Karen Mills was a creature of Manhattan. She saw her children off to private schools, burned up Wall Street buying businesses and raised hundreds of millions of dollars in venture capital as the cofounder of a private-equity fund. Then, in 2001, her husband, Barry, a partner in a law firm, was offered the presidency of Bowdoin College in Brunswick, Maine—population 14,816. “I’d love to do it,” he told her.
Fair enough. Mills supported his dream but also clung to her own, reverse commuting to her job in New York. “There are 10 flights a day,” she says, with the certitude born of having taken most of them.
But Maine began tugging at Mills. Shortly after the couple and their three sons moved into the college’s 1806 Federal-style president’s house, the naval air station in Brunswick was scheduled for closure. Then-Governor John Baldacci asked Mills for help in keeping the local economy from collapsing.
Mills suggested developing “clusters,” geographic concentrations of interconnected businesses. Two such clusters—boat building and specialty foods— proved especially successful. The plan clicked for Brunswick, and the town clicked for Mills. “This is a place of extraordinary values,” she says now. “Raising a family here has been a gift.”

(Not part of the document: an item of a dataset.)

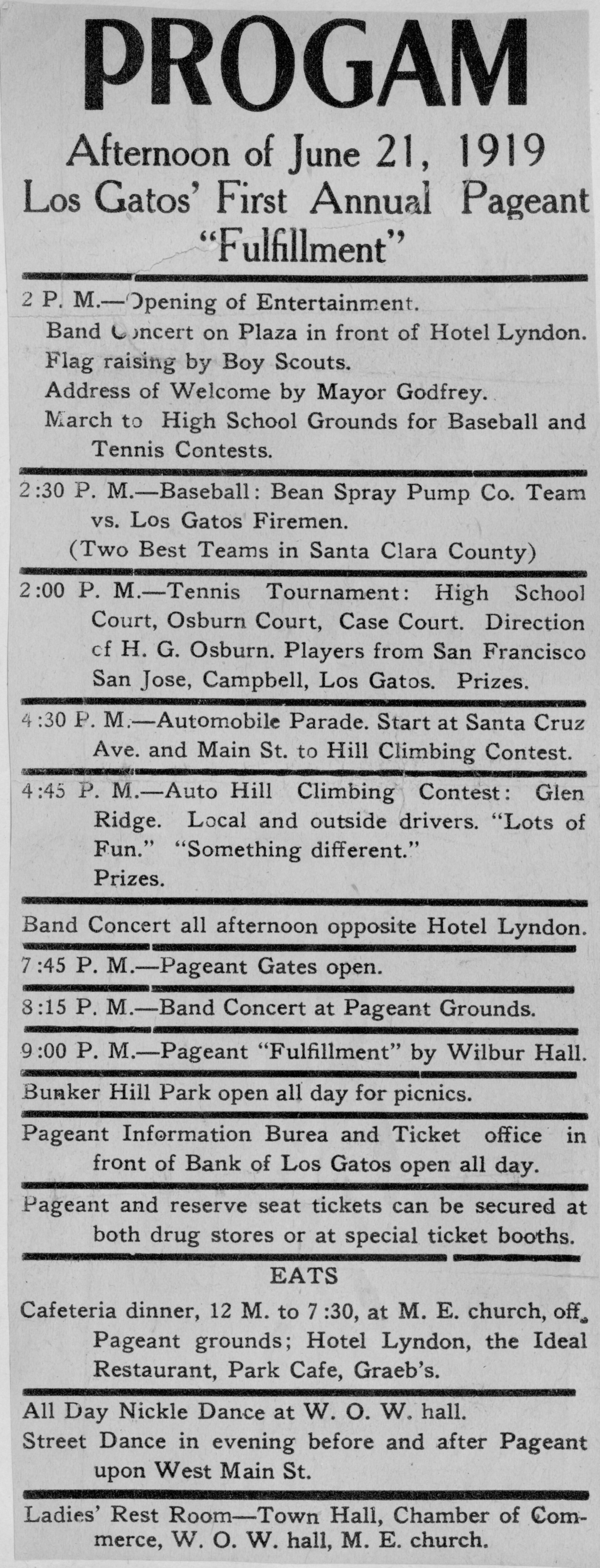 A flier announcing the events of the day for June 21, 1919. PAG011f

Mills’s success both on Wall Street and in the Pine Tree State brought her to the attention of the Obama transition-team staffers. After the 2008 election, they approached her about heading the Small Business Administration (SBA).
“I hadn’t had a job interview in 25 years,” Mills recalls. “So I asked, ‘Who is going to be in the room?’ ”
“The president-elect,” a liaison answered.
Mills aced the 40-minute interview, outlining her position that the top priority of the SBA had to be getting capital into the hands of entrepreneurs. (The Recovery and Reinvestment Act of 2009 is expected to inject $840 billion into the economy.) But she did make one misstep at the news conference announcing her appointment: She wore her standard New York black suit. “Here’s a tip,” she says. “In Washington, people wear color.”
Mills also has advice for multitaskers: Carry three cell phones, especially if you work for an organization with a history of receiving subpoenas. “I am very careful to do only government work on my government phone,” she says. “Then I have an iPhone, my personal phone. Then I keep an old Motorola flip phone for talking on while I look at one of the other two devices.”